There are many fountains located throughout this UNESCO World Heritage Site complex, with the most famous being the Grand Cascade on the northern side of the Grand Palace. It is a breathtaking sight made up of of 64 separate fountains, 200 statues and many other decorations, including an amazing bronze statue of Samson wrestling with a lion.

As you wander the grounds you’ll see many other water features including one that resembles a large chessboard, a pyramid fountain, and one shaped like a disk which shoots out water to resemble the sun’s rays.

>>book a flight to St. Petersburg and read our St. Petersburg Travel Guide

Trevi Fountain – Rome, Italy


Rome is a city overflowing with fountains, but this one is the most famous. You’ve undoubtedly seen it at some point in a movie, or perhaps you’ve heard the legend about throwing a coin into the fountain? It’s supposed to guarantee you a trip back to Rome. Two coins? You’ll get a new romance. Three coins? Marriage or divorce, whichever your preference may be. I wouldn’t recommend throwing any more coins, you may go broke. I wonder who gets to clean out the fountain and keep all those coins?

The fountain is located at the end of an ancient aqueduct that was built in 19 BC. It was designed by Nicola Salvi and completed in 1762, and is an incredible work of art. The design is of Neptune riding a chariot pulled by two sea horses & Tritons. On either side you’ll see the two statues of Abundance and Salubrity.

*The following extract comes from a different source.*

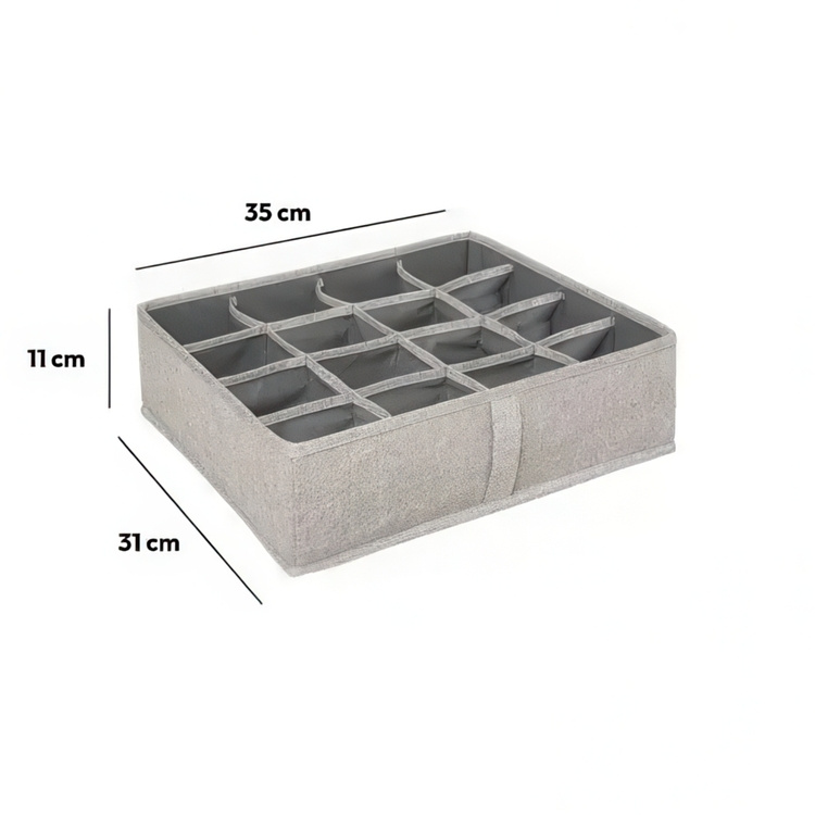 Låda för sortering, 16 fack, ORGA DRAWER ORGANIZER, 35 x 31 x H 11 cm, Beige - Grå

>>book airfare to Rome and read about the Top 10 Things to do in Rome

Magic Fountain of Montjuic – Barcelona, Spain


When I visited Barcelona for the Olympics in 1992 I assumed that this fountain was a new modern marvel constructed specifically for the Olympics. Little did I know that it had been created years before for the Great Universal Exhibition of 1929.

It’s been putting on quite a show ever since and is a definite must-see if you find yourself visiting this city. The sprays of water in the 164’ x 213’ pool combine with music, vivid colors, lights and motion to make the fountain appear almost to be dancing.

>>book cheap flights to Spain and read our Barcelona Travel Guide

Bethesda Fountain – New York City, United States


Located next to the lake and near the center of Central Park in New York, this fountain hosts hundreds of visitors everyday for a myriad of reasons. People come in the summer to relax and cool off, moviemakers love it as a backdrop (it’s been shown in many films) and romantics spend time near it being, well romantic.

It was sculpted in 1868 by Emma Stebbins, the first woman ever to be asked to design a major piece of art for New York City, and unveiled in 1873. If you look closely you’ll see that the winged female angel holds a lily in her hand, a symbol for the fresh water brought to New York City when the Croton Aqueduct was built in 1842.

>>book flights to New York City and read our 3 Days in New York City Itinerary

Chocolate Fountain – Cologne, Germany


This is not your typical fountain, but being a chocolate lover it’s one of my personal favorites. Judging from the 5 million visitors the museum receives each year, I’m not the only one. Trust me, dipping a wafer into the stream of chocolate pouring from the fountain and then savoring it, is reason enough for a visit.

The fountain is located inside the Chocolate Museum in Cologne. In the museum you’ll find out everything you need to know about how chocolate is made, beginning with the bean right up to the delicious morsel you pop in your mouth. When you leave there is a museum that sells postcards, books, mugs for hot cocoa and of course, chocolate.

>>look for Germany Airfare and read our Germany Travel Guide

Dundas Square – Toronto, Canada


The Dundas Square splash fountains are the perfect place for urban dwellers to spend a warm afternoon. They are located in the center of Toronto, in what used to be an undesirable part of town, but thanks to a city revitalization project the area was improved and the fountains and square were built in 1998.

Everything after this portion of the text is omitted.